Although the gap seems large at times, it represents a remarkably small fraction of measured activity—around 1% or less. Of course, 1% of a big number is still a big number. But it is important to remember that, relative to the size of the economy, the gap between GDI and GDP is not large. The gap is listed as a “statistical discrepancy” in the Department of Commerce reporting of the two numbers.

Why does the gap exist? From an accounting point of view, it should not. The total value of final goods and services produced must be equal to the total value of income generated in that production. But output is measured from sales and inventory figures collected from just 10% of commercial establishments. Preliminary income figures are obtained from household surveys, but these represent a tiny fraction of households.
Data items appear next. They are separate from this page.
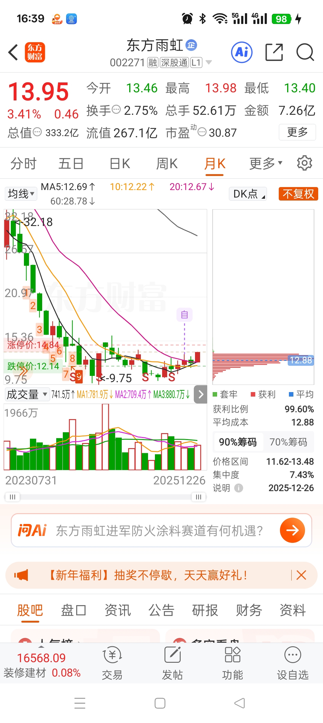 $东方雨虹(SZ002271)$ 筹码分布图,没有套牢了,随便你了
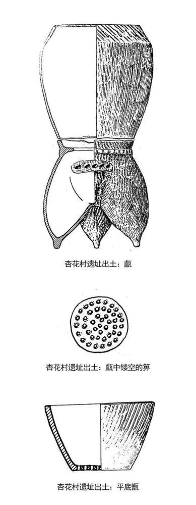 也就是说,甗有两个发源地,一个是河南安阳,中间的箅子是另做的,用时放上去;而杏花村的陶甗,箅子和甗是一体烧制的,这就是酿造酒时代的甑桶。
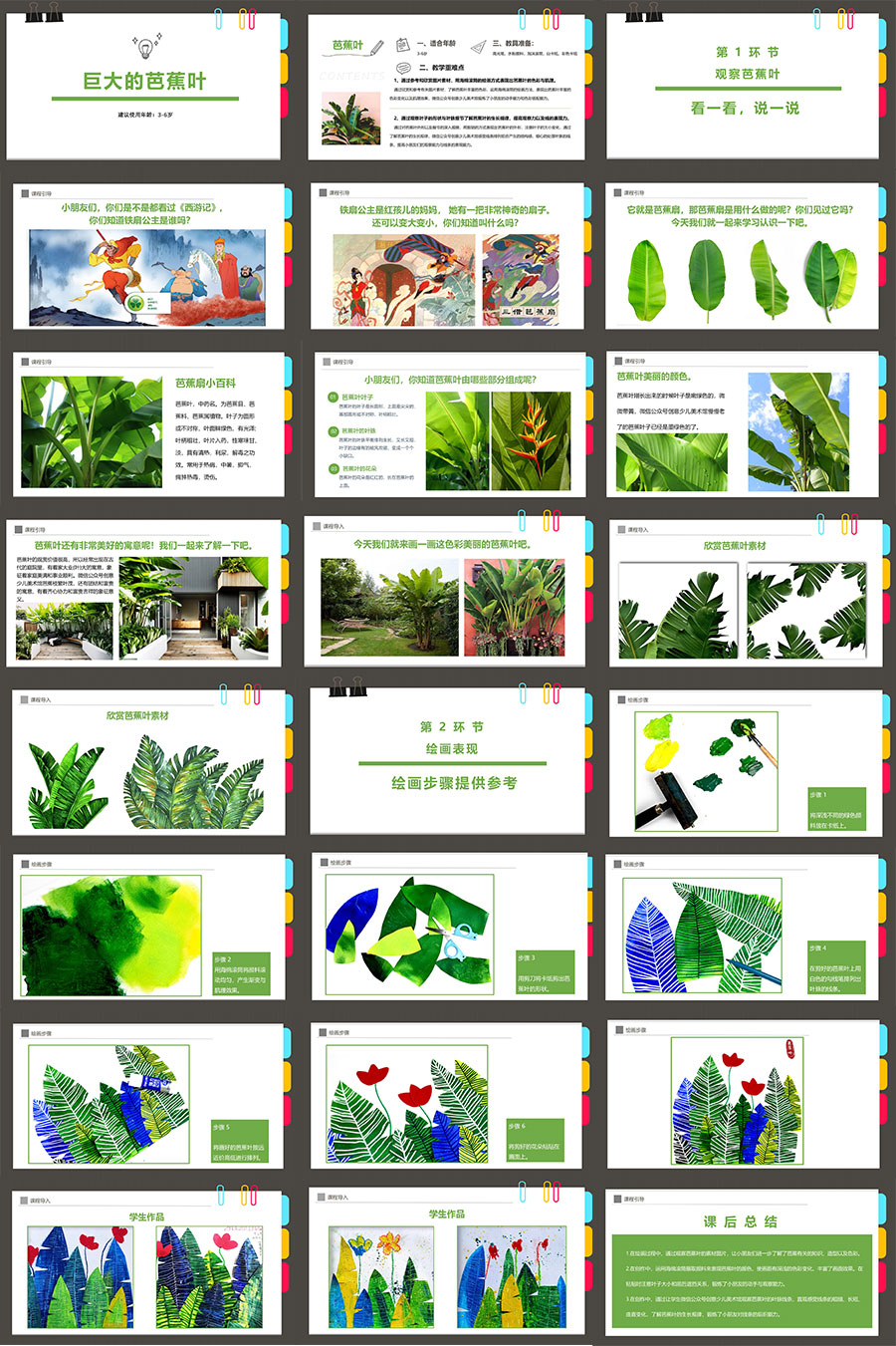 通过对芭蕉叶外形以及细节的深入观察,用剪贴的方式表现出芭蕉叶的外形,注意叶子的大小变化,通过了解芭蕉叶的生长规律,微信公众号创意少儿美术馆感受线条排列组合产生的结构感,细心的处理叶脉的线条,提高小朋友们的观察能力与线条的表现能力。
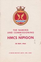 Built by Marine Industries Ltd., Sorel, NIPIGON was commissioned on 30 May 1964 with the wife of the then Governor-General Georges P Vanier DSO MC & Bar CD, Madame Pauline Vanier, as her sponsor. She arrived in Halifax for the first time on 07 Jun 1964 serving most of her career with the Atlantic Fleet.
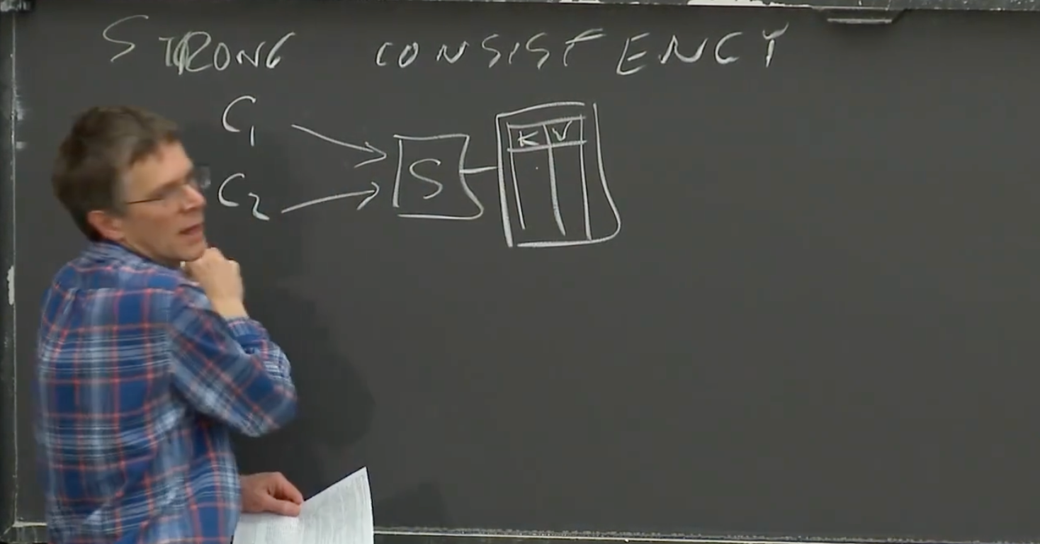 这里说到了一致性,我在后面的课程会对“好”的一致性做更多的介绍(lec6-7)。对于具备强一致或者好的一致性的系统,从应用程序或者客户端看起来就像是和一台服务器在通信。尽管我们会通过数百台计算机构建一个系统,但是对于一个理想的强一致模型,你看到的就像是只有一台服务器,一份数据,并且系统一次只做一件事情。这是一种直观的理解强一致的方式。你可以认为只有一台服务器,甚至这个服务器只运行单线程,它同一时间只处理来自客户端的一个请求。这很重要,因为可能会有大量的客户端并发的发送请求到服务器上。这里要求服务器从请求中挑选一个出来先执行,执行完成之后再执行下一个。
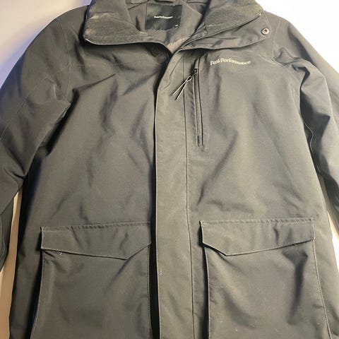 Peak Performance skijakke i sort til kvinder i størrelse L. Jakken er fyldt med dun, hvilket giver isolering og varme. Den har hætte og lynlås, og er egnet til udendørs brug. Der er stadig prismærke på, nypris 3000kr.
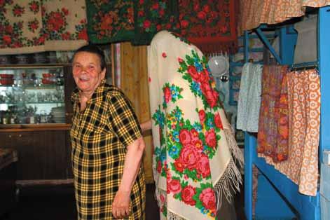 Лидия Павловна Левкина (1932 г. р., уроженка д. Олема) показывает, как ее, покрытую фаткой, во время просватания водил по избе дядя. Жених Лидии Павловны, увидев «такую дикость», чуть не сбежал. Фото Е. Беляевой. Июль 2010 г. Деревня Кеба Лешуконского района Архангельской области
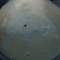 2、将牛奶和白糖倒入奶锅中,大火烧开。
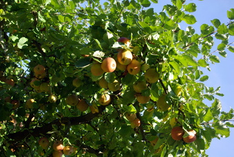 Das Foto gehört zur Serie Obstbäume. Es zeigt einen Apfelbaum der Sorte "Schöner aus Boskoop", in Deutschland kurz Boskop genannt. Bokop-Äpfel sind Lageräpfel bzw. Winteräpfel. Das Bild ist unter CC0 lizenziert und kann somit frei verwendet werden.
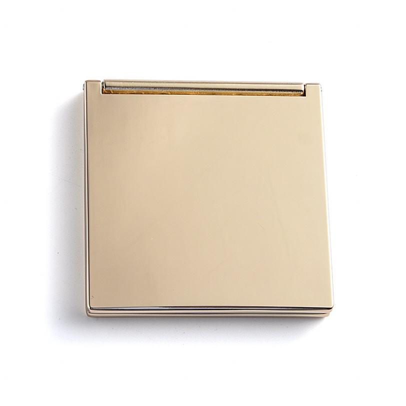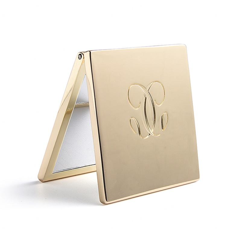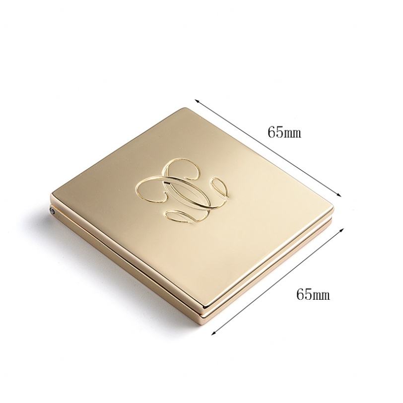 กระเป๋าเครื่องสำอางทรงสี่เหลี่ยมหรูหรา ดีไซน์สองด้าน พร้อมโลโก้ชุบทอง กระจกแต่งหน้าขนาดกะทัดรัด
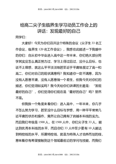 给高二尖子生临界生学习动员工作会上的讲话:发现最好的自己.doc
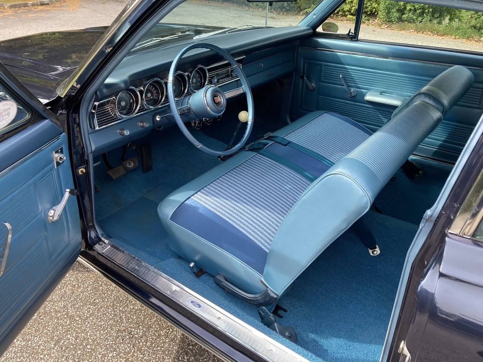 The cabin houses two rows of bench seats trimmed in blue vinyl and fabric upholstery. Blue loop carpets line the floors, and amenities include front lap belts, a Mercury-branded push-button AM radio, a Hurst shifter, and opening front 3/4 vent windows. The removed shifter is included in the sale.

More complete income data are provided by income tax returns, but these are available to the economists who estimate GDI only after a two- to four-year delay.

The Department of Commerce issues revisions of its GDP and GDI estimates as more complete data become available. With each revision, the gap between GDP and GDI estimates is significantly reduced.
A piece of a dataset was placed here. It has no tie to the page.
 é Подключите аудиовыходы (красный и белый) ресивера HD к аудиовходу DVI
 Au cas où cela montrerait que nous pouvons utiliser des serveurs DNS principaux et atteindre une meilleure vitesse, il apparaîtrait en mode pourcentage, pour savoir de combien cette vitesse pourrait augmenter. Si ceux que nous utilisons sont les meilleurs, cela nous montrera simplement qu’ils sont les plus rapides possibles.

While GDP and GDI figures cannot provide precise measures of economic activity, they come remarkably close. Indeed, given that the numbers come from entirely different sources, the fact that they come as close as they do provides an impressive check of the accuracy of the department’s estimates of GDP and GDI.

Answer to Try It! Problem

GDI equals $1,200. Note that this value equals the value for GDP obtained from the estimate of output in the first part of the previous Try It! Here is the computation:

Employee compensation $700
Profits 200
Rental income 50
Net interest 25
Depreciation 50
Indirect taxes 175
GDI $1,200

Once again, note that Social Security and welfare payments to households are transfer payments. They do not represent payments to household factors of production for current output of goods and services, and therefore are not included in GDI.
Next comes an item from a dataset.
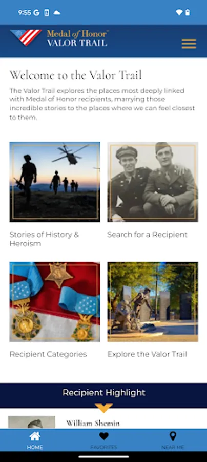 Download the Medal of Honor Valor Trail™ App today and experience the courage, sacrifice, and heroism that define America’s Medal of Honor recipients.
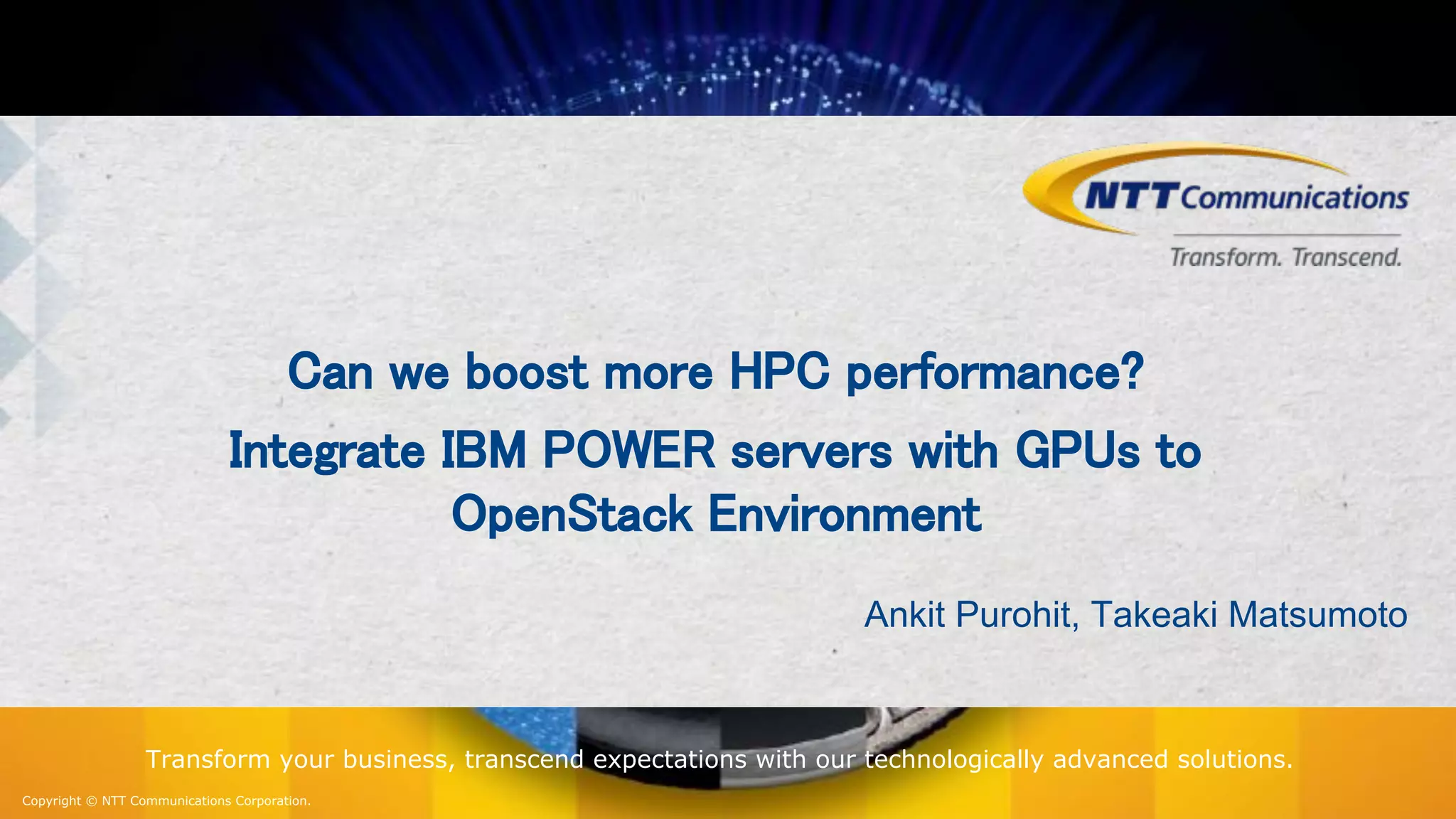 This document outlines the integration of IBM Power servers with GPUs into an OpenStack environment to enhance performance in high-performance computing. It details the motivation, methodology, and benchmark results of using Power8 architecture compared to traditional Intel systems, highlighting significant performance improvements through features like memory interleave. The presentation includes technical specifications and practical steps for implementing this integration in a cloud infrastructure.

  1. Although reported separately by the Department of Commerce, we have combined proprietors’ income (typically independent business owners and farmers) with corporate profits to simplify the discussion.
  2. If you have studied microeconomics, you know that the term “rent” in economics has a quite different meaning. The national income and product accounts use the accounting, not the economic, meaning of “rent.”
  3. The adjustment for indirect business taxes includes two other minor elements: transfer payments made by business firms and surpluses or deficits of government enterprises.
  4. Profit is corporate profit ($1,519.3) plus proprietors’ income ($1,113.7), both with inventory valuation and capital consumption adjustment.
  5. Indirect taxes include taxes on production and imports of $1,100.0 plus business transfer payments ($133.7) less subsidies ($64.2) and current surplus of government enterprise ($14.5). Prior to the 2003 National Income and Product Accounts (NIPA) revisions, the category “taxes on production and imports” was, with some technical and other minor adjustments, referred to as “indirect business taxes.” See Brent R. Moulton and Eugene P. Seskin, “Preview of the 2003 Comprehensive Revision of the National Income and Product Accounts,” Bureau of Economic Analysis, Survey of Current Business, June 2003, pp. 17–34.